#### [Work to be completed]
Look through the data below and output, unchanged, every line from the one holding "Vse na enem" through the one holding "国网衡阳供电公司2024年8", inclusive. Skip the pictures.

#### [Data for this task]
=== Begin Enclosure ===
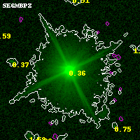Object #19796 x,y = (2143, 6156) RA, Dec = (06:16:05.880, -57:45:15.48) = (94.02450, -57.75430) BPZ = 0.365 [0.074--0.483] type = 7.00 (Scd_B10) chisq2 = 0.01 ODDS = 0.34 z_cluster = 0.972
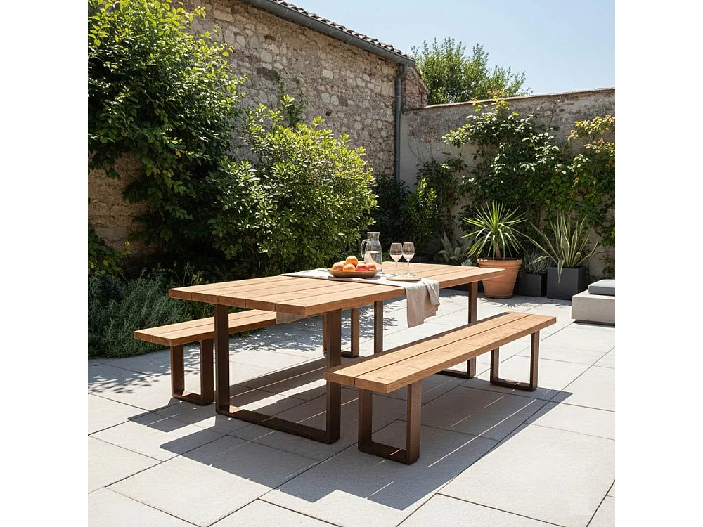Tavolo in Legno Termowood e Acciaio Corten da Esterno/Interno
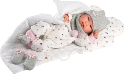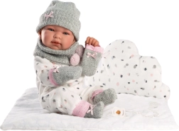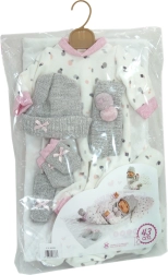 Vse na enem mestu: oblačilo, kapica, rokavičke, copatki in udobna podloga z blazinico v obliki oblačka za prijeten kotiček punčke.
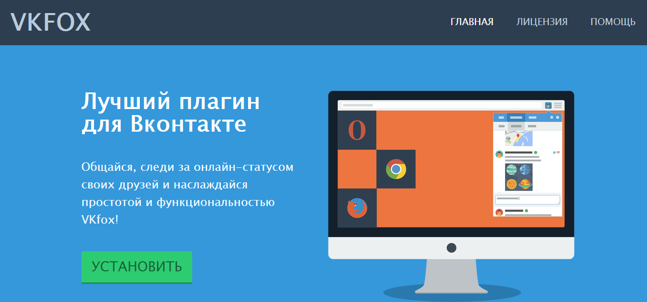 VkFox — безкоштовне розширення, з допомогою якого можна брати участь у житті Вконтакте залишаючись оффлайн. Підтримується в браузерах Chrome, Firefox і Opera. На головному сайті описаний весь докладний функціонал, для того, щоб почати користуватися, потрібно встановити розширення (кнопка «Встановити»), потім авторизуватися. Після вищевказаних дій з’явиться значок (), після натискання на який вам відкриється інтерфейс Вконтакте.
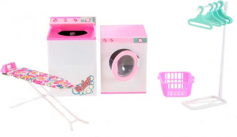 - Inhoud van de set: wasmachine (te openen voorste klep), droger (te openen bovenklep), strijkplank, speelgoedstrijkijzer, kledingrek met 5 hangers, wasmand
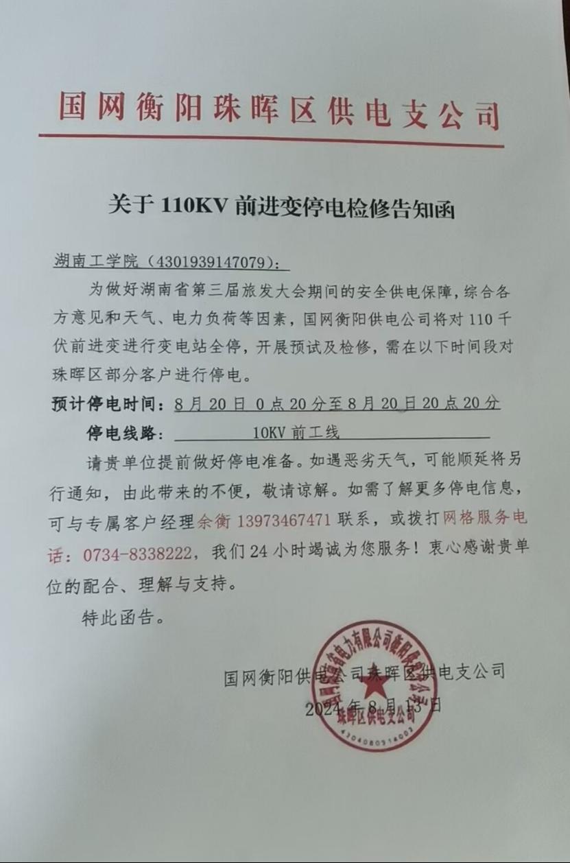 国网衡阳供电公司2024年8月20日0点20分-20点20分对前进变电站升级改造,beat365官网前工线将停止供电,为保障学校正常用电,我处将同期进行倒闸操作,相应的停电时间及停电区域如下:
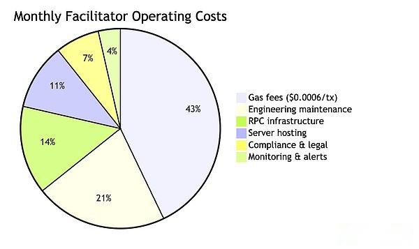 中継者は、EIP-3009署名検証、ブロックチェーントランザクションブロードキャスト、APIインフラストラクチャ提供の3つの機能を担う。ただし、プロトコル層は金銭的な補償メカニズムを提供しません。コストを正確に計算してみましょう。
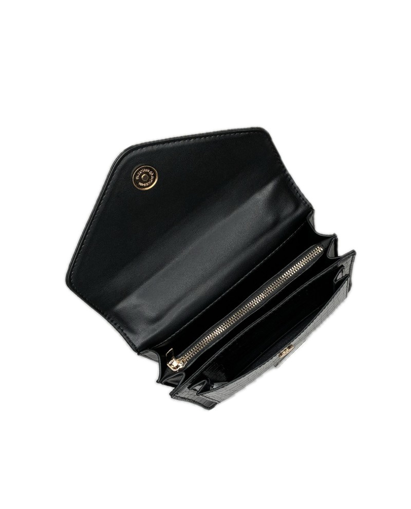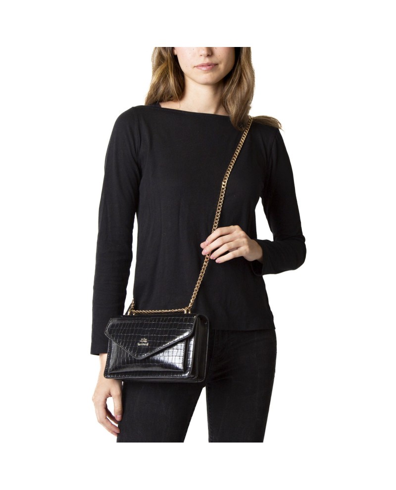 Bolsito efecto cocodrilo en color negro con asa de cadena dorada, doble compartimento y bolsillos interiores y frontales.
=== End Enclosure ===
#### [Your response]
 Vse na enem mestu: oblačilo, kapica, rokavičke, copatki in udobna podloga z blazinico v obliki oblačka za prijeten kotiček punčke.
 VkFox — безкоштовне розширення, з допомогою якого можна брати участь у житті Вконтакте залишаючись оффлайн. Підтримується в браузерах Chrome, Firefox і Opera. На головному сайті описаний весь докладний функціонал, для того, щоб почати користуватися, потрібно встановити розширення (кнопка «Встановити»), потім авторизуватися. Після вищевказаних дій з’явиться значок (), після натискання на який вам відкриється інтерфейс Вконтакте.
 - Inhoud van de set: wasmachine (te openen voorste klep), droger (te openen bovenklep), strijkplank, speelgoedstrijkijzer, kledingrek met 5 hangers, wasmand
 国网衡阳供电公司2024年8月20日0点20分-20点20分对前进变电站升级改造,beat365官网前工线将停止供电,为保障学校正常用电,我处将同期进行倒闸操作,相应的停电时间及停电区域如下:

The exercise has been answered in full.